# DESCRIPTION OF THE TASK
Beneath this instruction is a listing; print exactly the lines in it starting at the line that contains "2013年11月20日下午1" and going through the line that contains "Rosa – Geometría Sagrada".

# TASK INPUT
================

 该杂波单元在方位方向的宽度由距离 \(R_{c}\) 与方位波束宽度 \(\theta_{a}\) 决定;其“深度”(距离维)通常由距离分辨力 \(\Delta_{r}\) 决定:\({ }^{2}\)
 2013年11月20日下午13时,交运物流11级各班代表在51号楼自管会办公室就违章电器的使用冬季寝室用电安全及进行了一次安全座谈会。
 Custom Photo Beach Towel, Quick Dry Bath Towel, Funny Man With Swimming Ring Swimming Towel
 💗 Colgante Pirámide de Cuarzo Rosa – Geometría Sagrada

================

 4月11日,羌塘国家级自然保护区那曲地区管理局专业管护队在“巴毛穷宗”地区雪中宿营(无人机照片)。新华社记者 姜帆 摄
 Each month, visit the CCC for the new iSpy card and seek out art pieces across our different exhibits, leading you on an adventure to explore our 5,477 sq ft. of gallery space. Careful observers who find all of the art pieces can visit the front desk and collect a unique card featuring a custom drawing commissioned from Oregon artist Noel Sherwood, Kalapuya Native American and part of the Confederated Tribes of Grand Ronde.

================

# ANSWER AREA
 2013年11月20日下午13时,交运物流11级各班代表在51号楼自管会办公室就违章电器的使用冬季寝室用电安全及进行了一次安全座谈会。
 Custom Photo Beach Towel, Quick Dry Bath Towel, Funny Man With Swimming Ring Swimming Towel
 💗 Colgante Pirámide de Cuarzo Rosa – Geometría Sagrada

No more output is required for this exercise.